One of the places where the film reaches in addition to simply gathering the band again is when Candy’s son Chris says that during his father’s last year “his mind was overweight,” complicated the story that Candy was unfairly lumped in with “Living Fast and Dying Young.” At the top of eating their feelings – not to mention smoking and drinking them – candy, according to his son, a personal trainer and others who are part of the doctor, more and more suffered from anxiety and panic attacks as his career subsided and his responsibility as a businessman grew. Conan O’Brien, who remembers when the Harvard Lampoon staff brought candy to Campus, adds a prominent point: “The danger of this activity is that it is very unhealthy for people.”

What the film eventually draws is that it was not only sweets that killed him, but a toxic combination of anxiety, stress and genetic predisposition to heart disease and obesity. In the end, the film places Candy’s legacy as one of a decent guy and a talented artist who, as his daughter Jennifer says, “took care of people”, on and by set. But equally important is how it discovers the long shade thrown by a five -year -old boy’s way of dealing with a parent’s traumatic loss.

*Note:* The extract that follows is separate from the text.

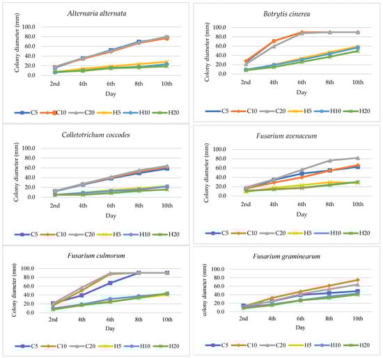 Colony diameter (mm) of fungi growing on potato dextrose agar (PDA) with addition of hemp extracts; C5, C10, C20—control with 5, 10, 20% residue of solvent; H5, H10, H20—5, 10, 20% hemp extract concentration.

Many interviewed, such as Catherine O’hara and Candy’s “Splash” comrade Tom Hanks, said neither action or not, Candy was extremely present when you were with him. Still, the film does not give enough room for us to feel that presence. Viewers do not get much chance to sit with the information about Candy’s life before the film moves on to the next anecdote. One longs to see a whole stage with candy in action on the screen or in a home video, rather than just excerpts. Nor was it enough that sweets spoke to themselves, rather than people told us how good he was.

The interviews from the SCTV crew, which had a front seat for sweets before and after he became a star, were the most convincing. The document would have benefited by more by Catherine O’hara, which is shown in the film which gave a moving tribute at Candy’s funeral in 1994, whose comment felt particularly rich but truncated.

In the end, Hanks delivers a good, but not good, portrait of a lovable guy whose flaws took him out – an ordinary guy with extraordinary talent who remains one of the best comedic actors of the 1900s.

Rating: B-

“John Candy: I ​​Like Me” premiered at the Toronto International Film Festival 2025. It will flow on Prime Video starting on October 10.